▸ **What the task requires**
Once you reach the line with "目前在《离线》网站首页展示的" in the material below, copy each line exactly up to and including the line with "Nu in de aanbieding", and skip the pictures.

▸ **Provided material**
[Start of Attachment]
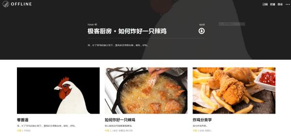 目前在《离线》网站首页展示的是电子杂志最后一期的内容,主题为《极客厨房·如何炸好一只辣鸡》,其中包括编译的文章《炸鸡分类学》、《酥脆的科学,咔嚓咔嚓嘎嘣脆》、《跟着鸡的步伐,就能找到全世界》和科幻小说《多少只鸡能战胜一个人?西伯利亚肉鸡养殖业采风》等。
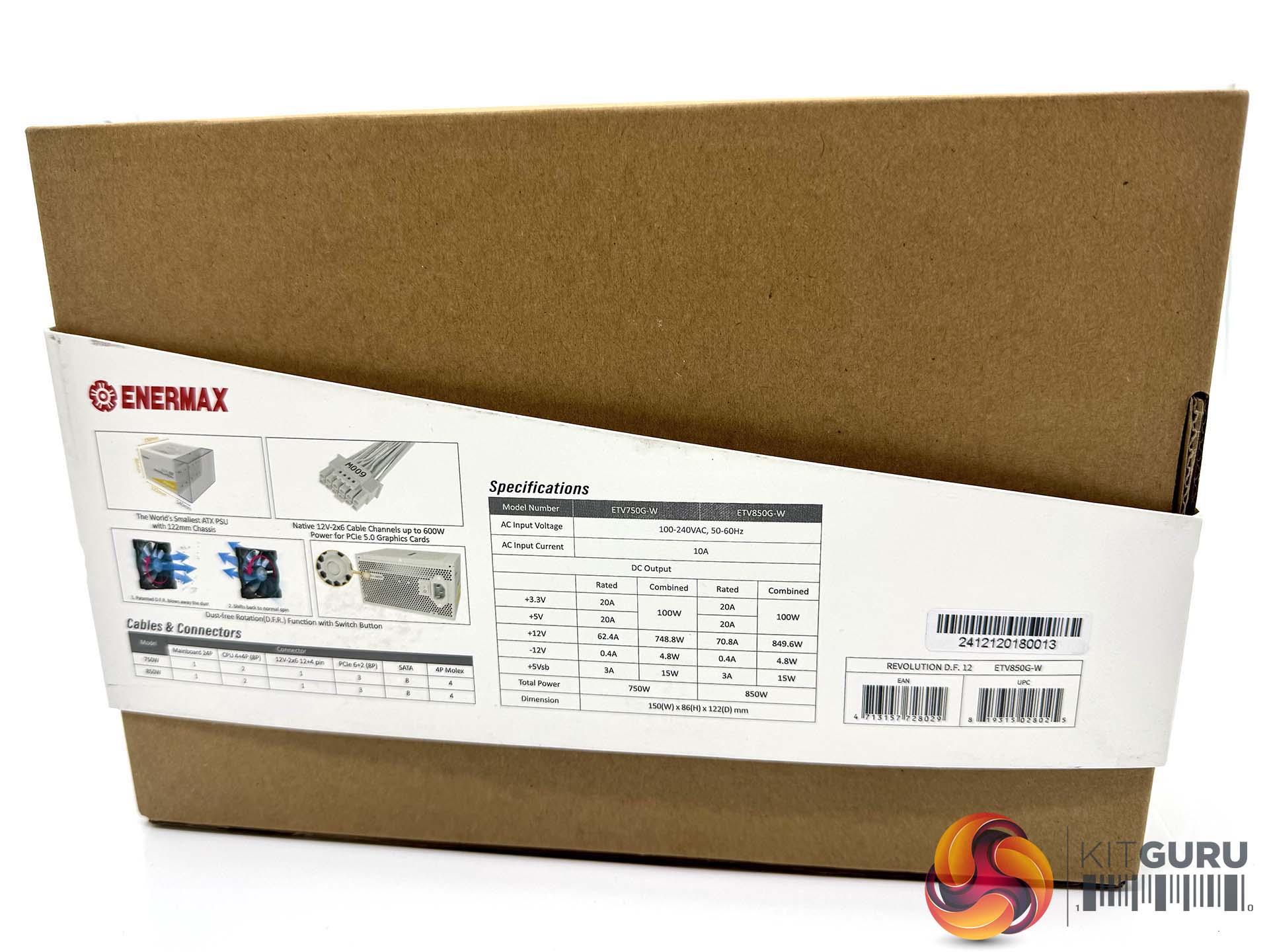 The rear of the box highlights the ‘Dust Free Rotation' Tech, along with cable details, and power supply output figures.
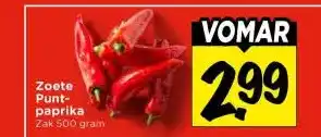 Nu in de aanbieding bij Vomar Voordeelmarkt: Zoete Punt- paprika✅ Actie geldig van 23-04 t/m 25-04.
[End of Attachment]
[Start of Attachment]
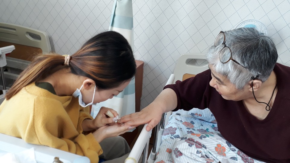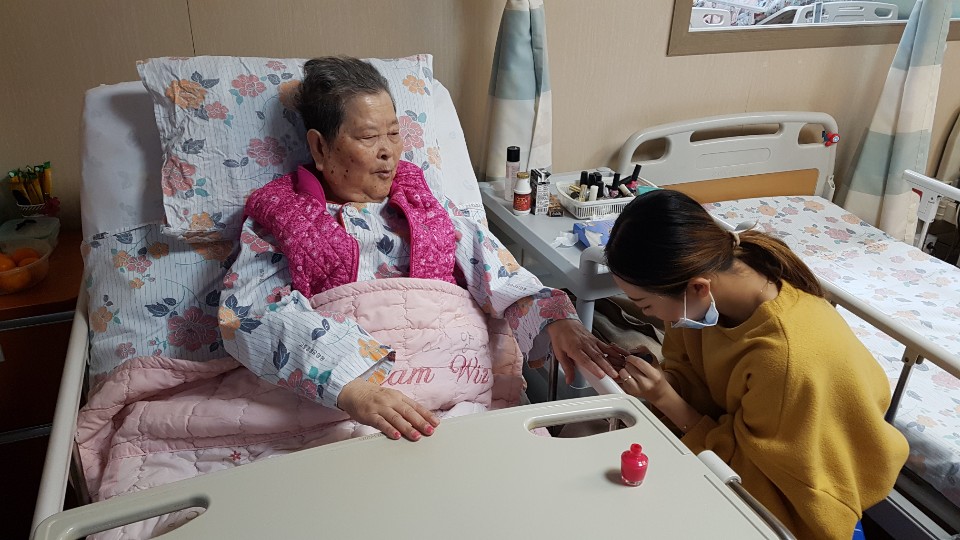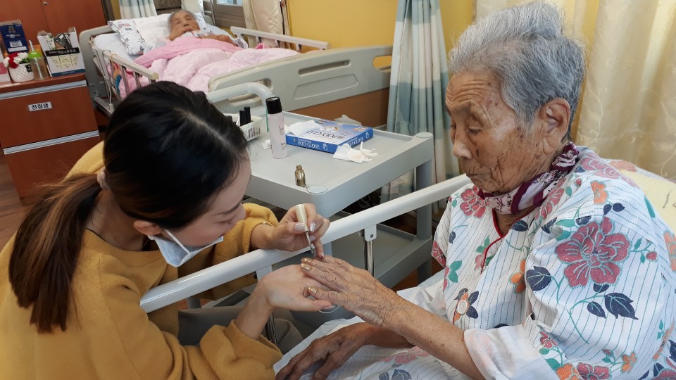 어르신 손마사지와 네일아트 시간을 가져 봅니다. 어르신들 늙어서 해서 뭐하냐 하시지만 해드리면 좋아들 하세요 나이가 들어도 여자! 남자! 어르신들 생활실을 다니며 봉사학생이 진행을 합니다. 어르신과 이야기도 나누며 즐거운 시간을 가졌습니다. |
[End of Attachment]
▸ **Response for this exercise**
 目前在《离线》网站首页展示的是电子杂志最后一期的内容,主题为《极客厨房·如何炸好一只辣鸡》,其中包括编译的文章《炸鸡分类学》、《酥脆的科学,咔嚓咔嚓嘎嘣脆》、《跟着鸡的步伐,就能找到全世界》和科幻小说《多少只鸡能战胜一个人?西伯利亚肉鸡养殖业采风》等。
 The rear of the box highlights the ‘Dust Free Rotation' Tech, along with cable details, and power supply output figures.
 Nu in de aanbieding bij Vomar Voordeelmarkt: Zoete Punt- paprika✅ Actie geldig van 23-04 t/m 25-04.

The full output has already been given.